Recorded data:
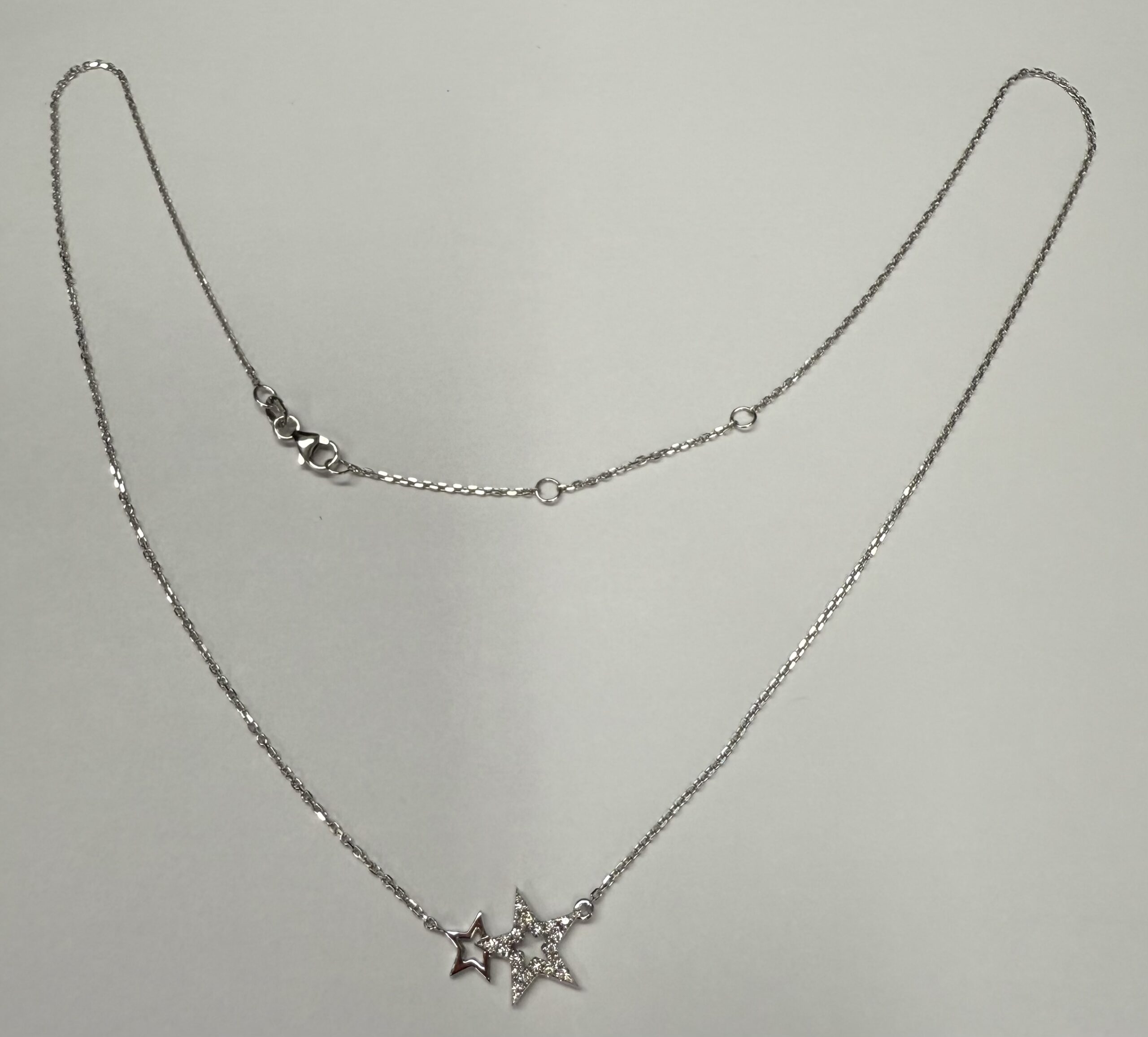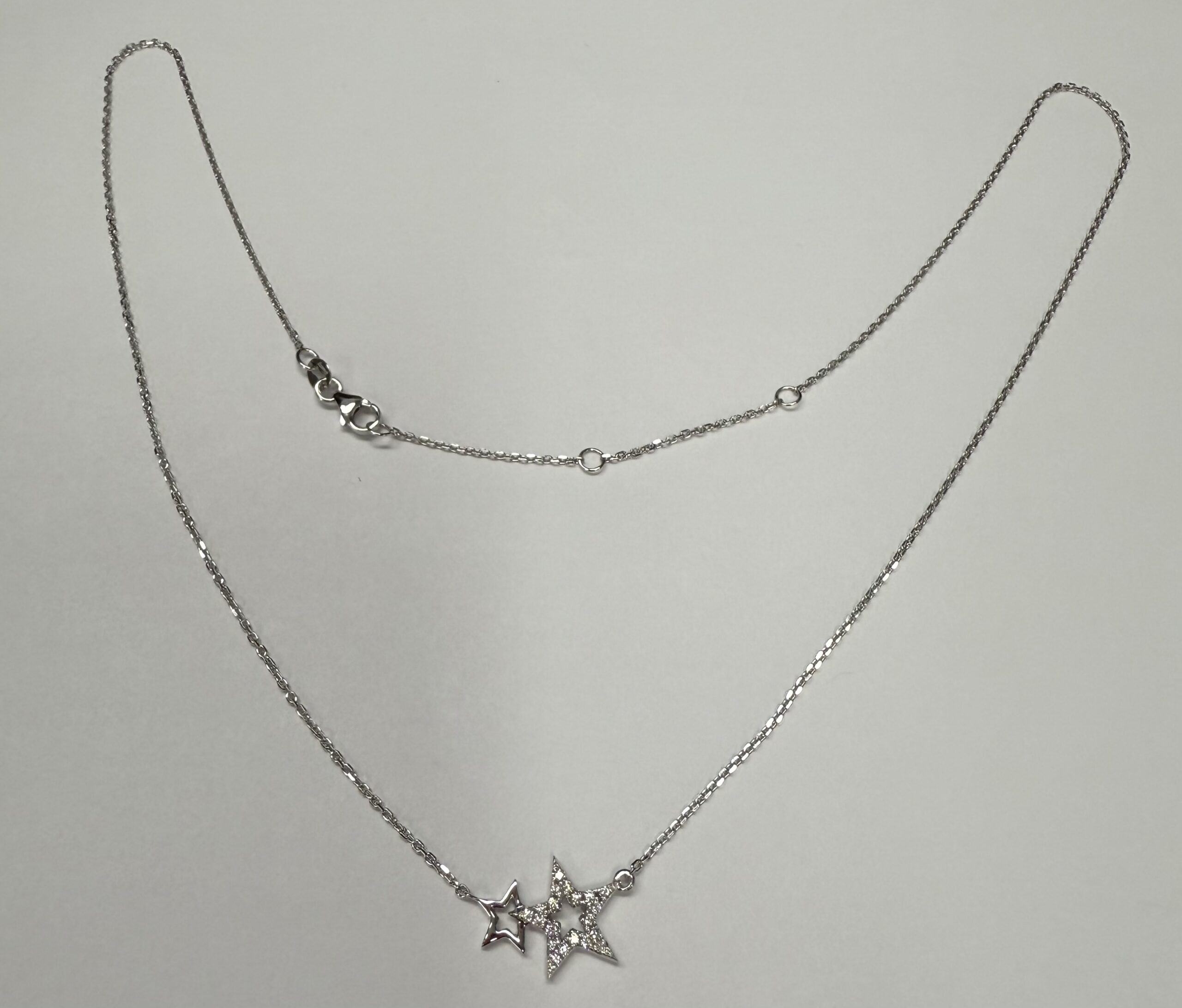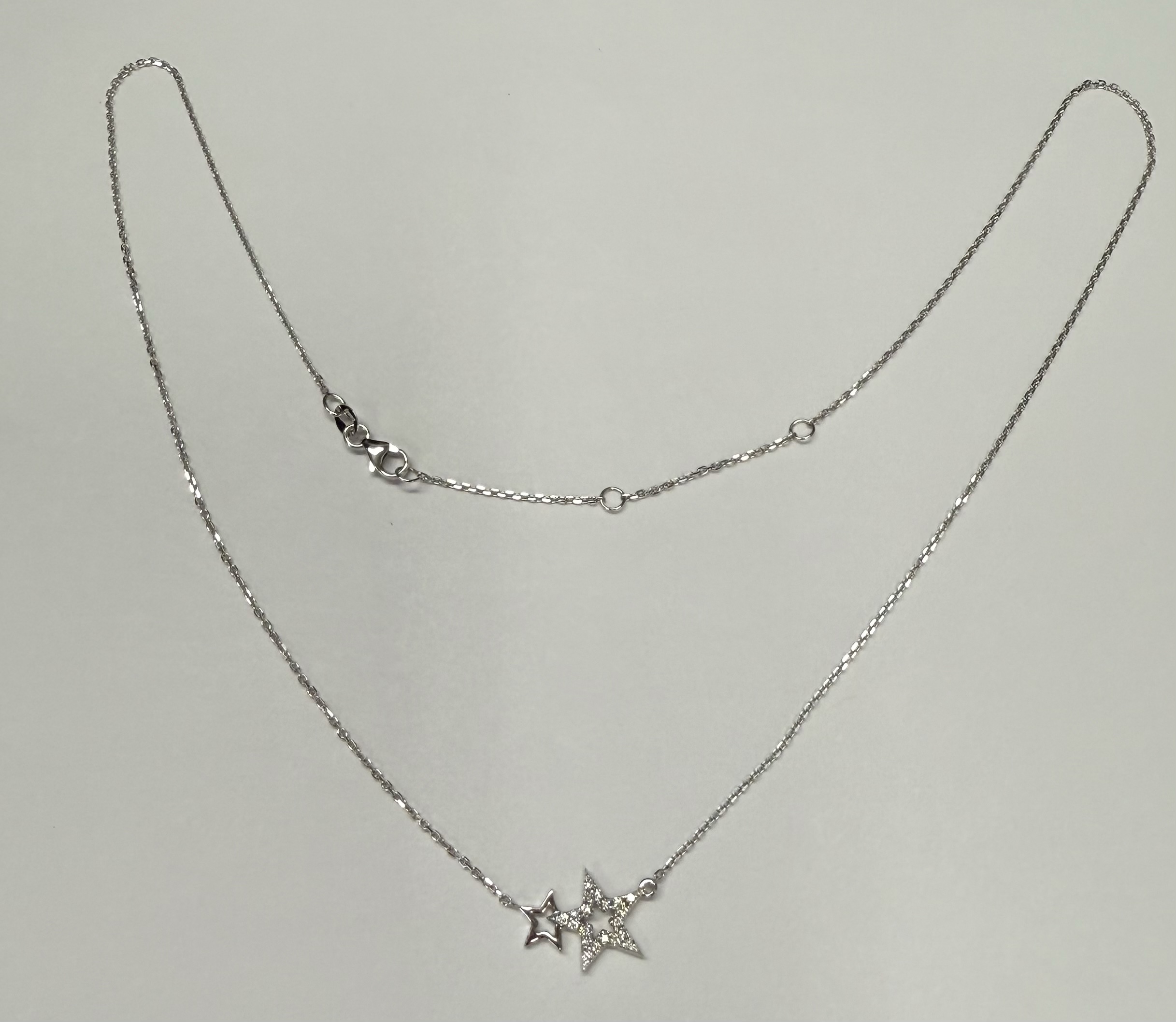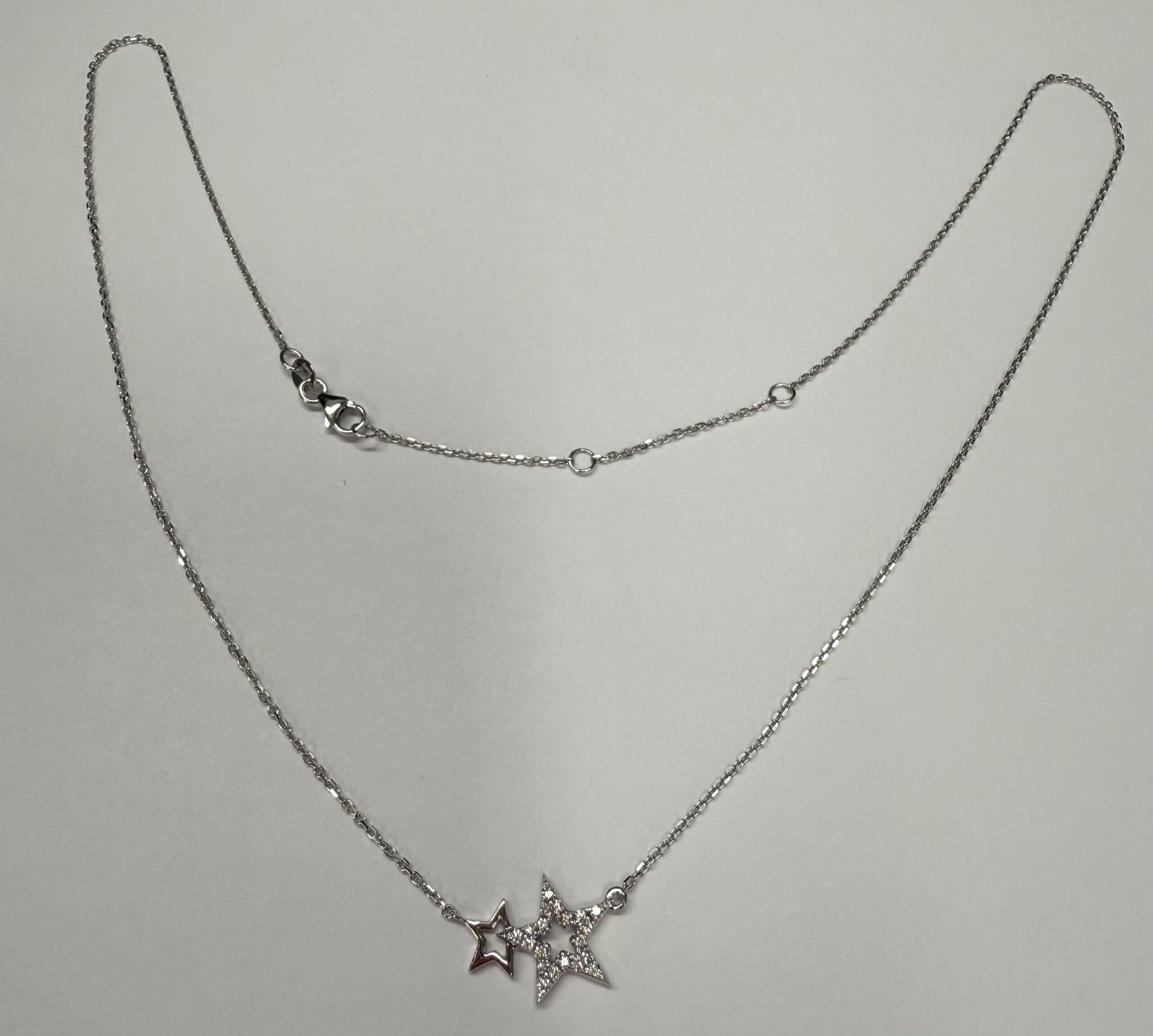 14k white gold genuine .12 cttw (20 stone) Round Brilliant Cut diamond open star pendant, adjustable 16-18″. These diamonds average G-H in color, and SI1 in clarity. This pendant has an entire weight of 2.3 grams.
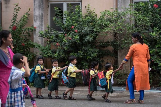 Első nap a Mahila Sangh iskolában. Fotó: Hindustan Times/Getty Images
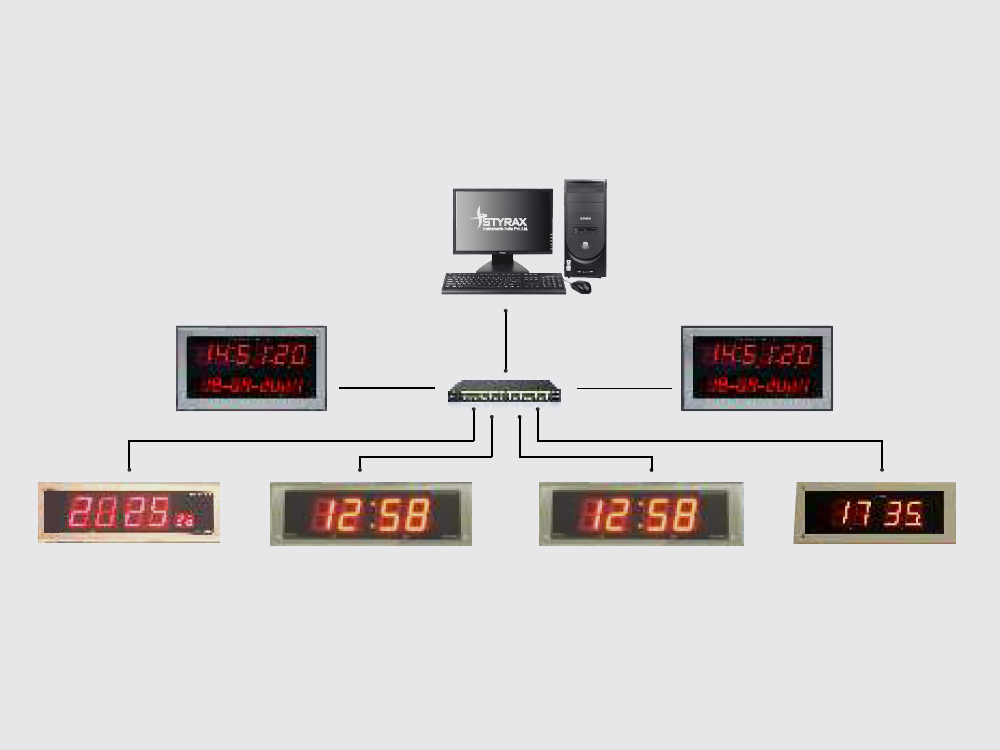 Styrax manufactures PoE network clocks draw both power and time updates from Ethernet 10/100Mbps port using SNTP protocol.
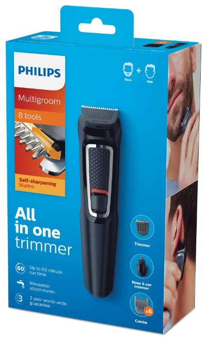 Дополнительная информация2 гребня для щетины; регулируемый гребень для бороды; 3 гребня для волос; триммер для стрижки в носу и ушах; щеточка для чистки
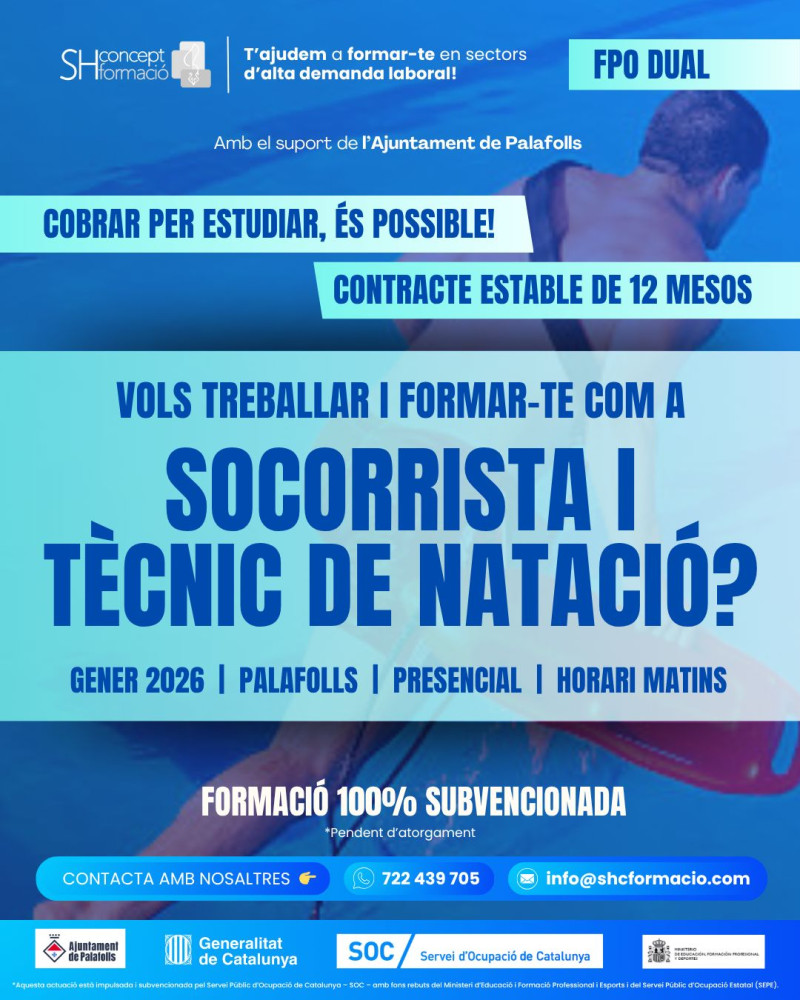 L’Ajuntament de Palafolls, en col·laboració amb el centre SH Concept Formació, impulsa una nova edició del Programa de Formació Professional per a l’Ocupació (FPO) DUAL en les especialitats de Socorrisme aquàtic i Tècnic/a en activitats de natació. Aquest projecte, 100 % subvencionat pel Servei d’Ocupació de Catalunya (SOC) amb fons del Servicio Público de Empleo Estatal (SEPE), arrencarà a finals de novembre, amb la selecció dels candidats, i permetrà als i les alumnes esdevenir professionals en instal·lacions aquàtiques. Objectius i requisits El programa té dos eixos principals: d’una banda, millorar l’ocupabilitat de les persones joves i majors de 29 anys amb dificultats per accedir al mercat de treball en situació d’atur, amb baix nivell formatiu o sense qualificació; de l’altra, dotar les empreses del sector aquàtic de professionals formats i qualificats, atenent la dificultat de trobar personal especialitzat. Les places són limitades (15 en total) i els requisits inclouen el graduat d’ESO o equivalent, estar inscrits al Servei d’ocupació de Catalunya (SOC) com a demandant d’ocupació no ocupat (DONO). Així com complir tots els requisits legals per poder formalitzar un contracte de formació en alternança. També caldrà superar una prova de natació (200 m en 4 minuts) i una entrevista personal. Contingut del programa i titulacions El programa preveu una formació de 1120 hores que permetrà obtenir dos Certificats de Professionalitat: La part teòrica de la formació s’impartirà al centre Can Batlle i la pràctica a la piscina del CEM Tordera. El contracte serà de formació en alternança amb una durada prevista de 12 mesos (1.170 hores de treball), combinant formació (35%) i experiència laboral efectiva (65%). Inscripció El procés de selecció es troba obert durant aquests darrers dies d’octubre i el mes de novembre, fins a cobrir les 15 places disponibles. Cal emplenant el formulari de preinscripció complint tots els requisits i superar la prova de natació i l’entrevista. La formació començarà a principis del mes de gener del proper any i permetrà treballar com a socorrista a piscines, parcs aquàtics fer de professor de natació, animador aquàtic o d'àrbitre en competicions oficials entre d’altres.
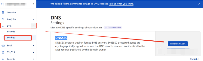 这里我使用的是 CF,到域名管理控制台左侧栏找到 DNS 中的 Settings,进入 DNS 设置页面启用 DNSSEC。
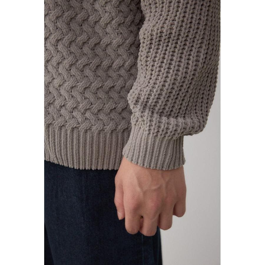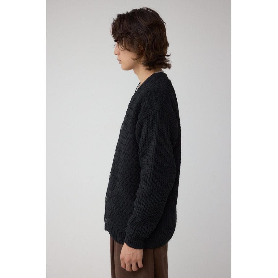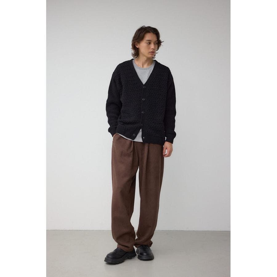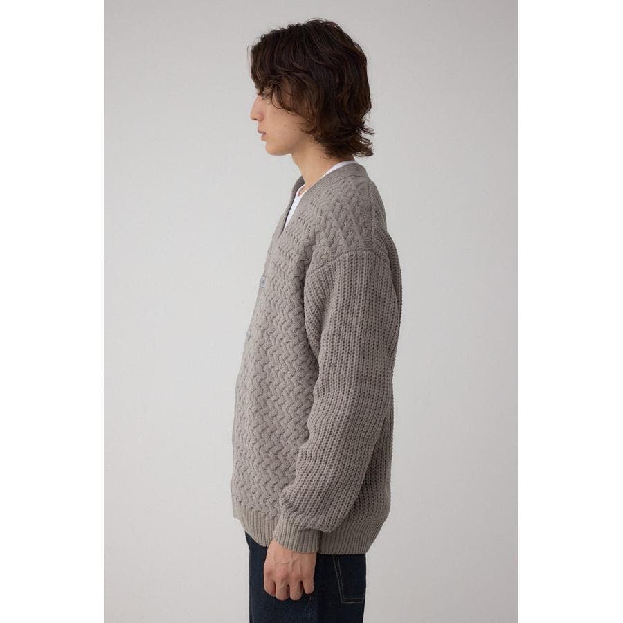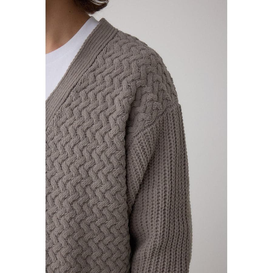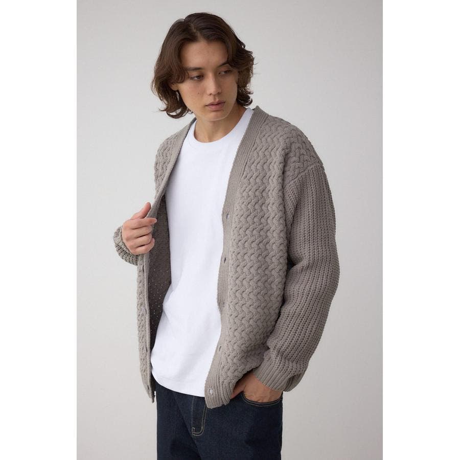 バスケット編みの立体感とマットなモール糸が融合したメンズカーディガン。
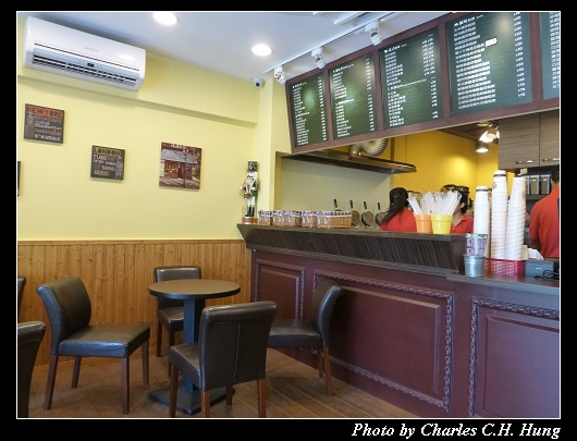 ▼ 雖然不能如學校內的小木屋整間都是木頭做的,不過店內的裝潢也是大多以木工為主,店面的空間配置上,櫃臺與廚房幾乎就佔了一半的空間,而小圓桌在店內一共有三桌,椅子的數量共有11張,因此很多人都是來外帶居多,由於所有的鬆餅都需要手工製作,所以店內的工作人員還滿多的,這天就看到四個工作人員在服務。
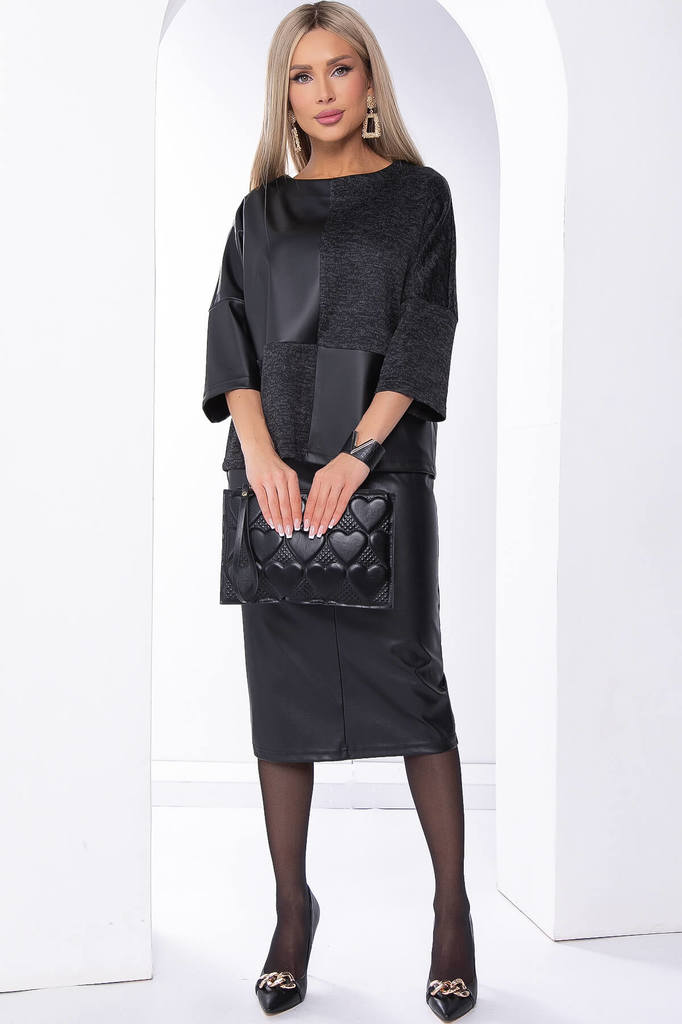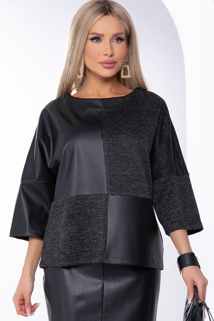 Артикул: Б8271. Ткань: трикотаж меланж, экокожа. Состав: 63% вискоза, 34% п/э, 3% эластан. Цвет: чёрный. Вид застежки: без застёжки. Силуэт: прямой. Карманы: отсутствуют. Тип горловины: ... Показать описание;лодочка. Длина изделия по спинке: 44/ 57 см, 46/ 58 см, 48/ 59 см, 50/ 60 см, 52/ 61 см, 54/ 62 см. Рост модели: 168 см. Универсальная модель джемпера, которая прекрасно подойдёт для дерзких повседневных образов. Рукав три четверти, свободный, со спущенным плечевым швом. Изделие будет отлично смотреться с юбками, брюками и лосинами. Создавай модные образы и чувствуй себя уверенно! Уход за изделием: ручная стирка до 30 градусов; нельзя отбеливать; деликатный отжим; гладить при t не более 110 С; гладить с изнанки. *Допуск отклонения длины при массовом производстве 1-3 см является нормой.

> Problem
The reply should hold the lines from the top of the records through the line containing "Дополнительная информация2 гребня", reproduced exactly, and no pictures.

> Task solution
 14k white gold genuine .12 cttw (20 stone) Round Brilliant Cut diamond open star pendant, adjustable 16-18″. These diamonds average G-H in color, and SI1 in clarity. This pendant has an entire weight of 2.3 grams.
 Első nap a Mahila Sangh iskolában. Fotó: Hindustan Times/Getty Images
 Styrax manufactures PoE network clocks draw both power and time updates from Ethernet 10/100Mbps port using SNTP protocol.
 Дополнительная информация2 гребня для щетины; регулируемый гребень для бороды; 3 гребня для волос; триммер для стрижки в носу и ушах; щеточка для чистки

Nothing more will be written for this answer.